If sensitive information should still be available to some roles in the organization, it's also possible to use hidden or unauthorized columns and parameters. These are based on Column type and Access type (see Hidden, read-only, full rights or unauthorized).
Using the Data sensitivity screen, it is possible to set the sensitivity for each data column of the application. View-columns, calculated fields and identity fields are not data columns and are therefore not shown. A prefilter is provided to suggest which columns are sensitive, based on keywords or because columns with the same name or domain are also marked sensitive.
Data sensitivity
For sensitive columns, it is mandatory to select an anonymization type. There are 3 options:
-
Sample data set
-
Random value
-
Expression
Foreign key columns are automatically anonymized based on the settings of the source column. They can be recognized by the icon as shown below and are hidden by the Undecided columns prefilter.
Foreign key columns
Sample data set
There are default sample data sets available that can be used to anonymize the data. Upon anonymization, a random value from the set will be picked, taking into account the domain of the column.
Random value
When this option is used to anonymize the data, a random value is generated that meets the domain specifications. This is not user-friendly, and is thus not recommended to use this for acceptance test data. Note that when a random date is selected, this date can be in the future or in the past. If there are business rules that ensure a date in the past is used, it is better to select "Expression" and write your own query or use Sample data set and add a set with random dates in the past.
Expression
In certain cases, a value depends on the value of other columns or has to meet specific requirements. In that case, the option Expression can be used. For instance, if end_date is mandatory when is_ended is true, then a random end_date can be generated with the following query:
case
when t1.is_ended = 1 then dateadd(day, abs(checksum(newid()) % 65530), 0)
else null
end
When the expression is dependent on a column that needs to be anonymized first, use the checkbox Delay expression. For example, if an email address is based on a username:
t1.user_id + "@thinkwisesoftware.com"
Delayed expression
Production
To comply with the legislation, Thinkwise uses techniques where it is not possible to restore the original data. Therefore, the task must never be used on a production environment. There is no rollback once the task has started.

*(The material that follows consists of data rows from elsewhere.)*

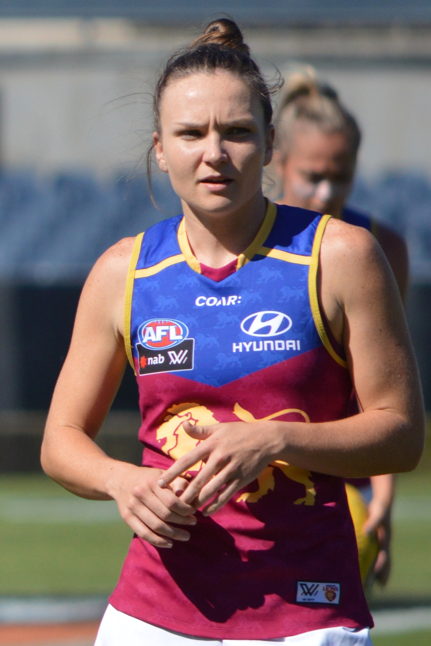 Emily Bates in Round 7 of the 2017 AFL Women's season
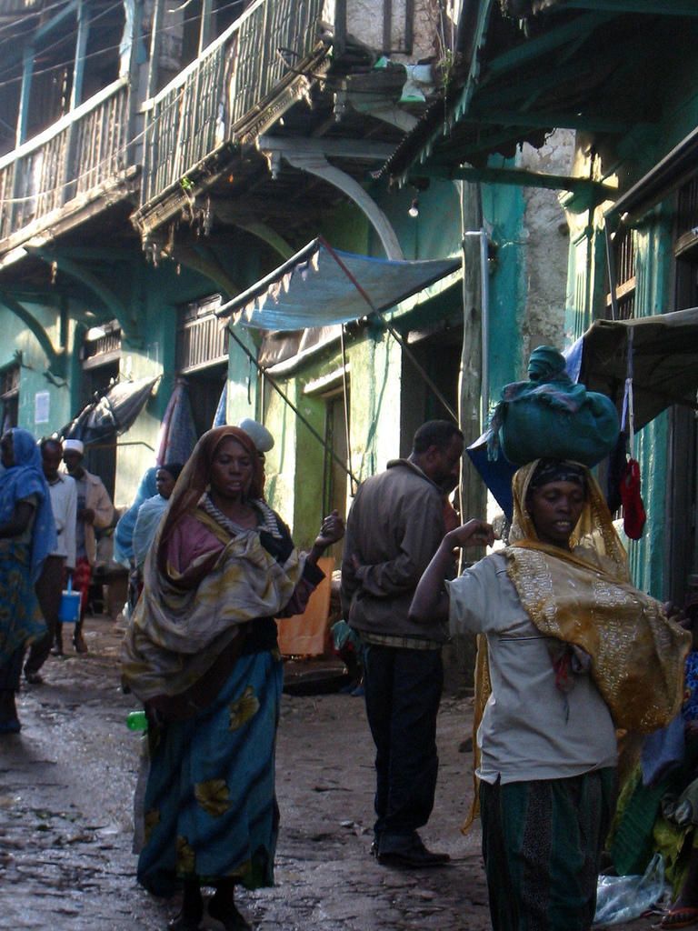 A street scene in Harar, Ethiopia
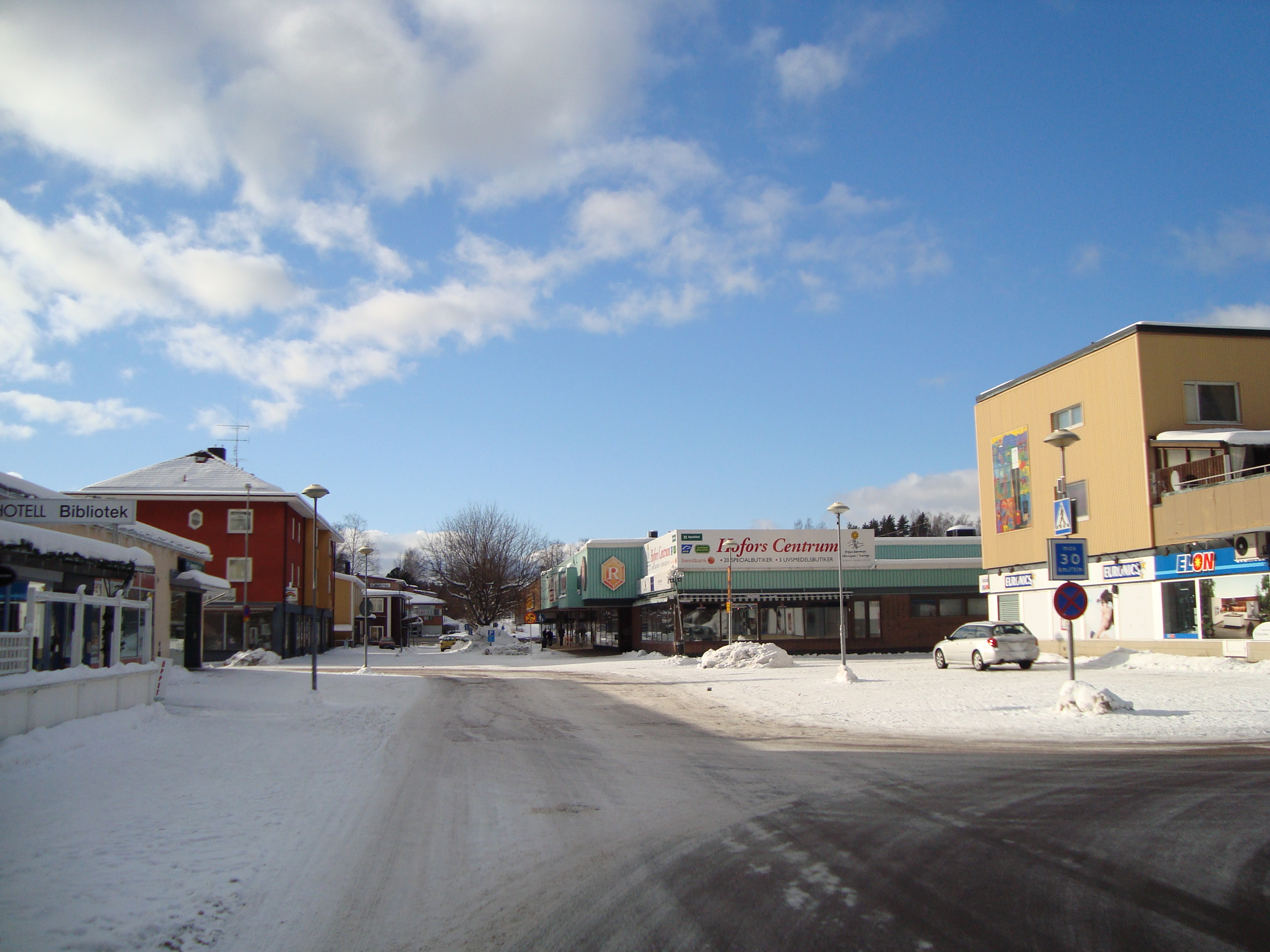 Center of Hofors town, Sweden
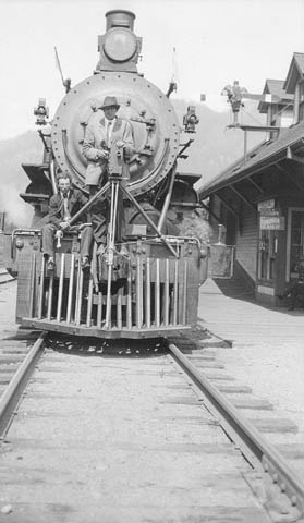 On the set with cinematographer, Henry Cronjager
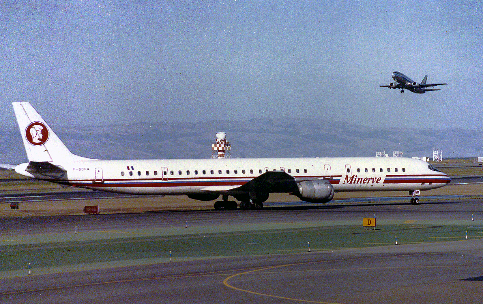 A Douglas DC-8-73F aircraft (F-GDRM) of Minerve at San Francisco International Airport in 1990

To prevent mistakes, there are two checks:
-
Database name check - the database name that is provided as a parameter has to match the current database.
-
Single user mode - the database needs to be in single user mode.
Anonymization
Based on the data sensitivity settings, the Software Factory will generate two stored procedures:
-
Stored procedure tsf_test_data_anonymization to test the data sensitivity settings and sample data
-- Use this statement to test the data sensitivity settings
exec tsf_test_data_anonymization 'database_name'
go -
Stored procedure tsf_anonymize_data to actually anonymize the data
-- Use this statement to anonymize the data
exec tsf_anonymize_data 'database_name'
go